* [Task directions]
From the first entry to the last, copy each one exactly.
◇ ◇ ◇ ◇ ◇
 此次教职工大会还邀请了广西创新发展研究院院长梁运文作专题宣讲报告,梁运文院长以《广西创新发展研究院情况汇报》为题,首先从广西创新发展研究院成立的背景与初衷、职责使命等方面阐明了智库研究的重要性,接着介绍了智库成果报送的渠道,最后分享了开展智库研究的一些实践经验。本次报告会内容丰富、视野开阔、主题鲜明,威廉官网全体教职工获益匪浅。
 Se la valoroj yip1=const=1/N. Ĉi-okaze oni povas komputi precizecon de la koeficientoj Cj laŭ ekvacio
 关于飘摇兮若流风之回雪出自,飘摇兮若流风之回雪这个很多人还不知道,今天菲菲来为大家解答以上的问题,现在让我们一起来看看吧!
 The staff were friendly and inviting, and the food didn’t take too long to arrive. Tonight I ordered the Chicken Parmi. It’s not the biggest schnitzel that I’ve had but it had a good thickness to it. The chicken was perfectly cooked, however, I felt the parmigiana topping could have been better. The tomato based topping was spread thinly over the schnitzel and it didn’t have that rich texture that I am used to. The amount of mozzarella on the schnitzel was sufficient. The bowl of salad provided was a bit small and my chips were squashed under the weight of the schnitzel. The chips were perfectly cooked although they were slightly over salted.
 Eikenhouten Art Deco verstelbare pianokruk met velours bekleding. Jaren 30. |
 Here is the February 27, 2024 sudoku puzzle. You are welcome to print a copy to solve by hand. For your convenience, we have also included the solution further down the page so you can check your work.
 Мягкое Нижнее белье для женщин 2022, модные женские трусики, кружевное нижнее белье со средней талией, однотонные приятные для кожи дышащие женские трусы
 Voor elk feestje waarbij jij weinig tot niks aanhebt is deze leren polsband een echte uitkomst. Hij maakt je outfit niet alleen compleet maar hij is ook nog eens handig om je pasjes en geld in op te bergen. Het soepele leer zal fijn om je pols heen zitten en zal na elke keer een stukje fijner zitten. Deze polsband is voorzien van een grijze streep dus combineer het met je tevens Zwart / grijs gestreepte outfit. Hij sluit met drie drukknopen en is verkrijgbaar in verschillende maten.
◇ ◇ ◇ ◇ ◇
* [Reply]
 此次教职工大会还邀请了广西创新发展研究院院长梁运文作专题宣讲报告,梁运文院长以《广西创新发展研究院情况汇报》为题,首先从广西创新发展研究院成立的背景与初衷、职责使命等方面阐明了智库研究的重要性,接着介绍了智库成果报送的渠道,最后分享了开展智库研究的一些实践经验。本次报告会内容丰富、视野开阔、主题鲜明,威廉官网全体教职工获益匪浅。
 Se la valoroj yip1=const=1/N. Ĉi-okaze oni povas komputi precizecon de la koeficientoj Cj laŭ ekvacio
 关于飘摇兮若流风之回雪出自,飘摇兮若流风之回雪这个很多人还不知道,今天菲菲来为大家解答以上的问题,现在让我们一起来看看吧!
 The staff were friendly and inviting, and the food didn’t take too long to arrive. Tonight I ordered the Chicken Parmi. It’s not the biggest schnitzel that I’ve had but it had a good thickness to it. The chicken was perfectly cooked, however, I felt the parmigiana topping could have been better. The tomato based topping was spread thinly over the schnitzel and it didn’t have that rich texture that I am used to. The amount of mozzarella on the schnitzel was sufficient. The bowl of salad provided was a bit small and my chips were squashed under the weight of the schnitzel. The chips were perfectly cooked although they were slightly over salted.
 Eikenhouten Art Deco verstelbare pianokruk met velours bekleding. Jaren 30. |
 Here is the February 27, 2024 sudoku puzzle. You are welcome to print a copy to solve by hand. For your convenience, we have also included the solution further down the page so you can check your work.
 Мягкое Нижнее белье для женщин 2022, модные женские трусики, кружевное нижнее белье со средней талией, однотонные приятные для кожи дышащие женские трусы
 Voor elk feestje waarbij jij weinig tot niks aanhebt is deze leren polsband een echte uitkomst. Hij maakt je outfit niet alleen compleet maar hij is ook nog eens handig om je pasjes en geld in op te bergen. Het soepele leer zal fijn om je pols heen zitten en zal na elke keer een stukje fijner zitten. Deze polsband is voorzien van een grijze streep dus combineer het met je tevens Zwart / grijs gestreepte outfit. Hij sluit met drie drukknopen en is verkrijgbaar in verschillende maten.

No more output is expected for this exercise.